The clinic rejected the claims. “We always place a young person’s wellbeing at the centre of our work,” it said. “GIDS staff are engaged daily in thinking about the serious ethical dimensions of our practice. The diversity and complexity of individual cases will always be respected.”

Several clinicians suspected that some of the “transgender” adolescents were reacting to homophobia at home.
“For some families, it was easier to say, this is a medical problem, ‘here’s my child, please fix them!’ than dealing with a young, gay kid,” the third female clinician said. At the service’s “family days”, a parent was allegedly heard saying that they did not want their child to have gay friends because they “didn’t want them mixed up in that hedonistic lifestyle”. “It is converting people into heterosexuals,” one of the clinicians said. “We had so many families who would talk about not wanting their daughters to be lesbian.” Young people “repeatedly” confided their own “disgust” that they may be gay, according to the clinician.

In other cases, she felt young people had concluded they were trans because they didn’t fit traditional gender roles.
“Children’s bodies are being damaged in order to treat societal issues,” she warned. She recalled a case of a 13-year-old child “whose parents were really pressurising us for puberty blockers”. When the clinician refused to refer him, she claims one of the parents, a lawyer, wrote threatening legal letters to the service. The child was eventually referred for blockers.

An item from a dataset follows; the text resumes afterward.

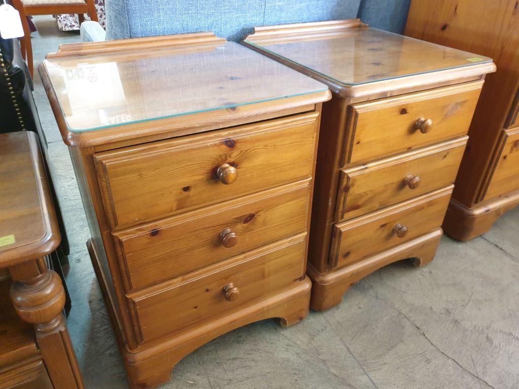 Pair of Pine 3 - Drawer Bedside Units with Glass Top (46 x 44 x 61cm) (2)

She would have nightmares about her years at the Tavistock. “I would talk about it as an ‘atrocity’. I know that sounds quite strong, but it felt as if we were part of something that people would look back on in the future, and ask, what were we thinking? In the future I think there will be lots and lots of de-transitioners who feel their bodies were mutilated as young people and who will ask, why did you let me do this? It is very disturbing.”

Studies show that the vast majority of youngsters who begin puberty blockers go on to have irreversible hormone treatment at 16. Some go on to have gender reassignment surgery as adults.

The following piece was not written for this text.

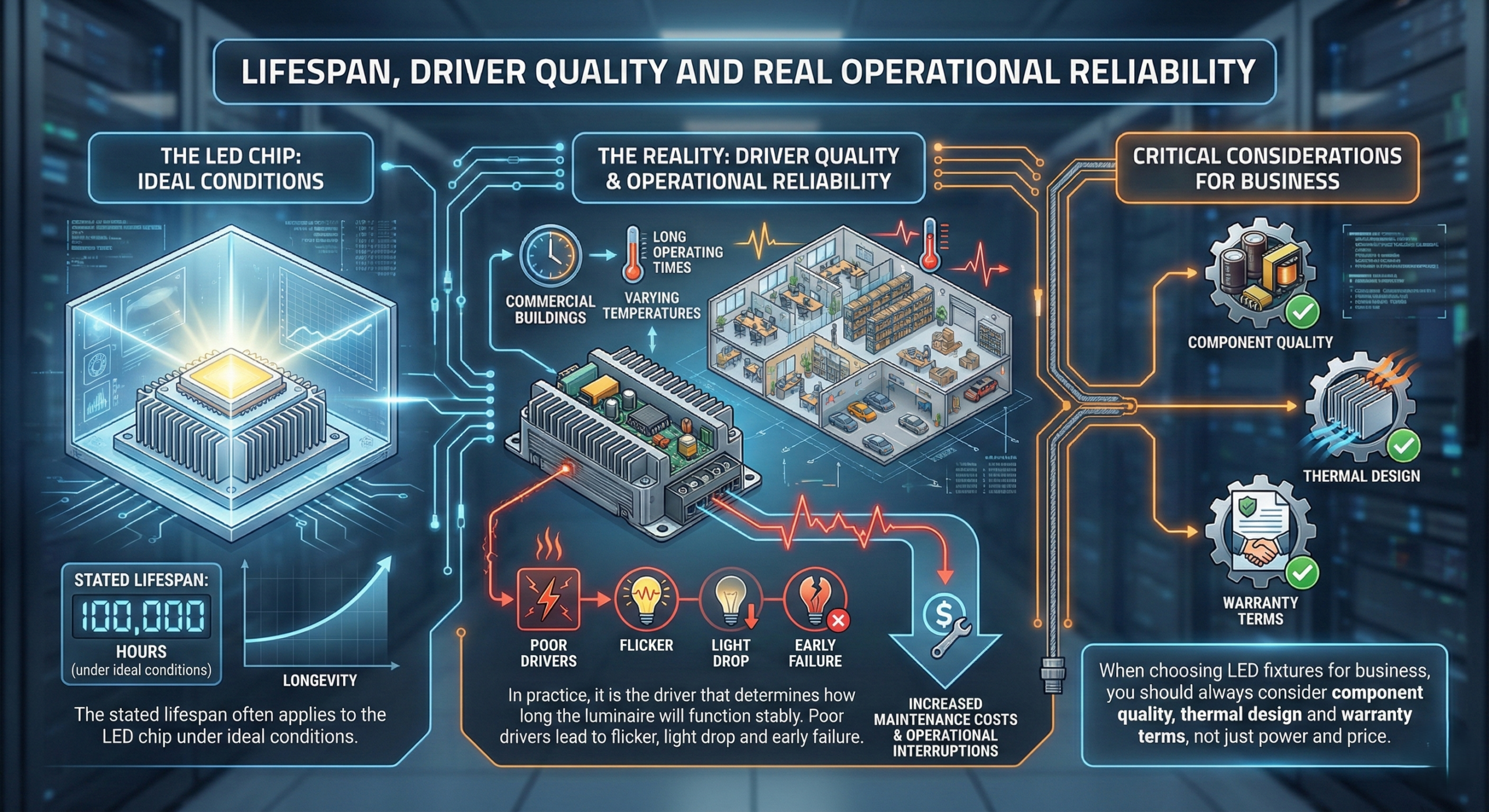 I næringsbygg med lang driftstid og varierende temperaturforhold stilles det høye krav til driverkvalitet. Dårlige drivere fører til flimring, redusert lysutbytte og tidlig svikt. Dette resulterer i både økte vedlikeholdskostnader og driftsavbrudd.

All five clinicians expressed concern over how little young people and their families were being told about the impact of hormone treatment on fertility and sexual function as adults. One claimed young people were unable to give “informed consent” because it was regarded as taboo to discuss the impact of medical intervention on later sexual function in such a young cohort.

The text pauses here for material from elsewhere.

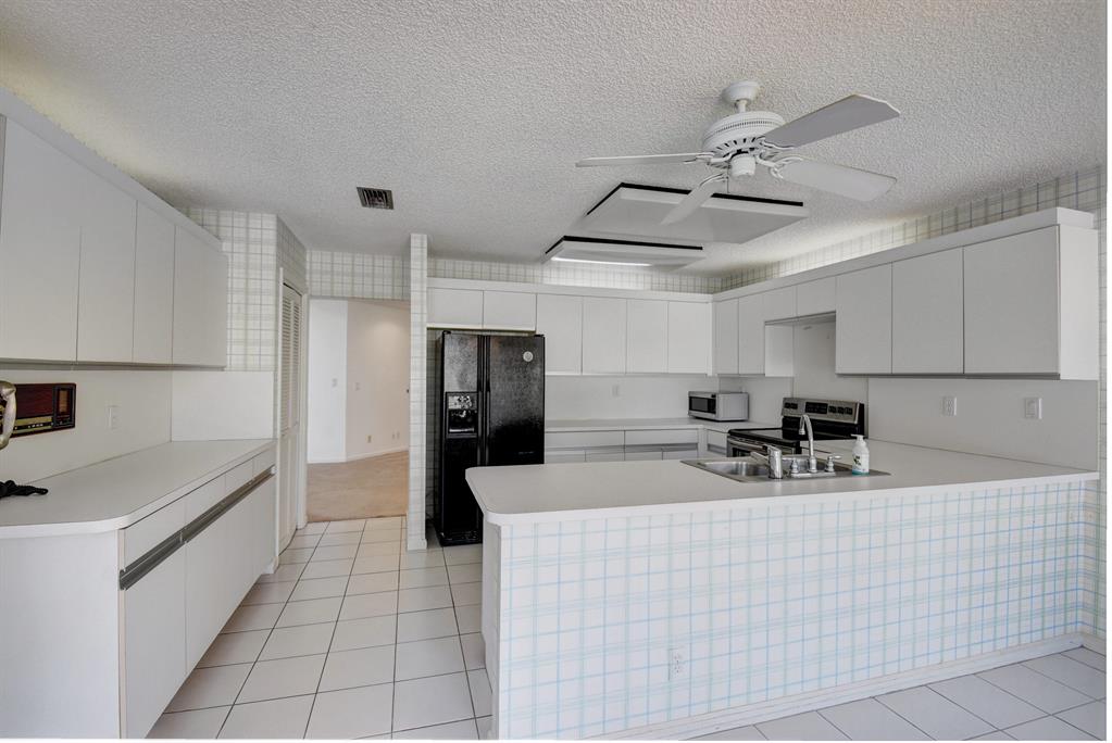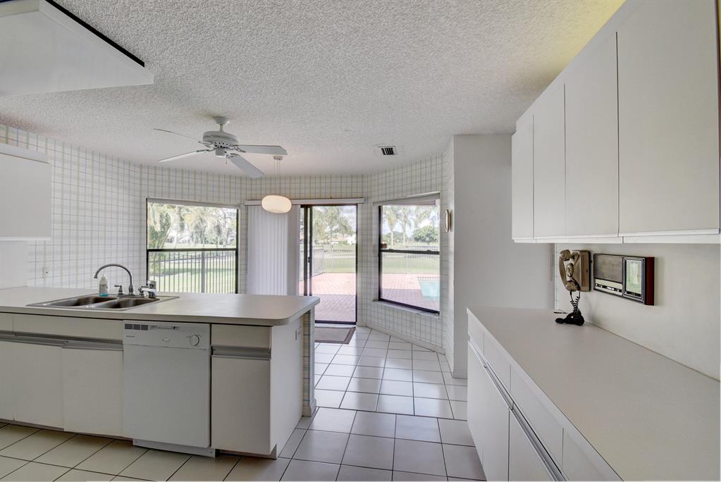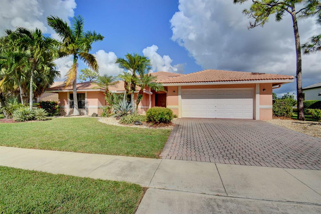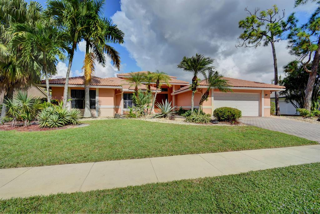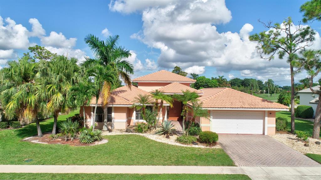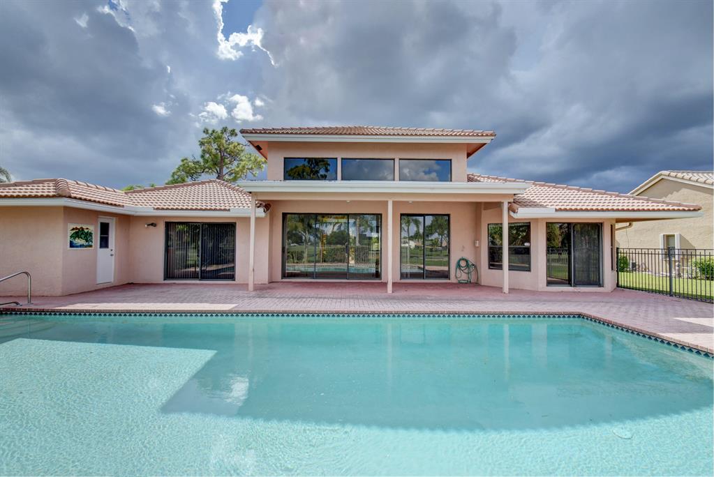 THIS LOVELY HOME HAS A DOUBLE DOOR ENTRY - ONCE YOU ENTER YOU SEE THE EXPANSIVE GOLF COURSE VIEW - EXTRA LARGE PATIO AND POOL WHICH CAN BE SEEN FROM THE GREAT ROOM, WHICH HAS EXTRA HIGH CEILINGS, MASTER BEDROOM AND KITCHEN.IT FEATURES 3 BEDROOMS AND 3 1/2 BATHS WITH A SPLIT BEDROOM PLAN FOR PRIVACY FOR OWNERS AND GUESTS SEPARATE CABANA BATH WHICH CAN ONLY BE ENTERED FROM OUTSIDE. PLENTY OF CLOSETS. 2 CAR GARAGE, SEPARATE ENTRANCE FOR THE GOLF CART. BOCA WOODS FEATURES 2 CHAMPIONSHIP GOLF COURSES, DRIVING RANGE, PUTTING GREEN, ACTIVE GOLF AS WELL AS TENNIS -PROFESSIONAL ENTERTAINMENT - FITNESS CENTER WITH PERSONAL TRAINERS - WOMEN CLUB - BOOK CLUB - VALET PARKING FOR OWNERS AND GUESTS. GOLF EQUITY MEMBERSHIP MUST BE PURCHASED WITH ALL HOMES IN BOCA WOODS.

The clinic said there were no “taboo” subjects in its work, and that it did not “recognise this allegation as reflecting what happens in the service”. It rejected allegations of conversion therapy and insisted that youngsters were being properly advised on the risks of and about what is unknown about medical intervention. Time and care was taken at every stage to ensure that individuals grasped the potential consequences of their choices, it said, adding that the service had become “increasingly aware” of the need to discuss the impact of treatment on future sexual function.

The GIDS’s own internal review identified procedures around consent as an area of concern. It has recommended that written consent should be obtained before referral for blockers.

Another clinician described how youngsters entered his room enthusing about Alex Bertie, a transgender YouTuber, and My Life: I Am Leo, a documentary about a transgender teen broadcast in a teatime slot on CBBC.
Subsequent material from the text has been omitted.